FCC Commissioner refuses to block Elon Musk from buying Twitter
"I’m hopeful that Elon Musk is going to bend Twitter’s content moderation toward a greater embrace of free speech," the commissioner said.
Federal Communications Commission (FCC) Commissioner Brendan Carr on Wednesday rejected a call to block entrepreneur Elon Musk from buying Twitter.
"Yesterday, the Open Markets Institute issued a release that called for the FCC, FTC, and DOJ to block Elon Musk’s purchase of Twitter," the FCC wrote in a press release.
The Open Markets Institute argued that the deal is illegal and federal agencies can block the purchase through antitrust laws and other legislation such as the Telegraph acts of 1860 and 1866.
The institute said Musk's takeover of Twitter "poses a number of immediate and direct threats to American democracy and free speech."
Commissioner Carr dismissed the position.
"The FCC has no authority to block Elon Musk’s purchase of Twitter, and to suggest otherwise is absurd," he said. "I would welcome the full FCC making it clear that we will not entertain these types of frivolous argument."

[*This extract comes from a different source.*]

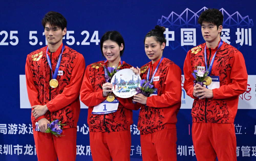 新华社广州5月20日电(记者赵紫羽、王浩明)全国游泳冠军赛20日决出五枚金牌,潘展乐所在的浙江队获得男女4X100米混合泳接力冠军,这是他本届赛事收获的第四金。覃海洋摘得男子50米蛙泳金牌,李冰洁刷新个人最好成绩夺得女子200米自由泳冠军。

Carr even praised Musk's purchase in an interview Tuesday with Fox Business.
"There was a pivot point in this country that I think came around 2016 when people started to reach the view, particularly among the hard left, that the free exchange of ideas is incompatible with the outcomes that they want to see at the ballot box," Carr told reporter Maria Bartiromo.
"I’m hopeful that Elon Musk is going to bend Twitter’s content moderation toward a greater embrace of free speech," he said.
Musk has promised that his platform will be neutral and allow for the free exchange of ideas.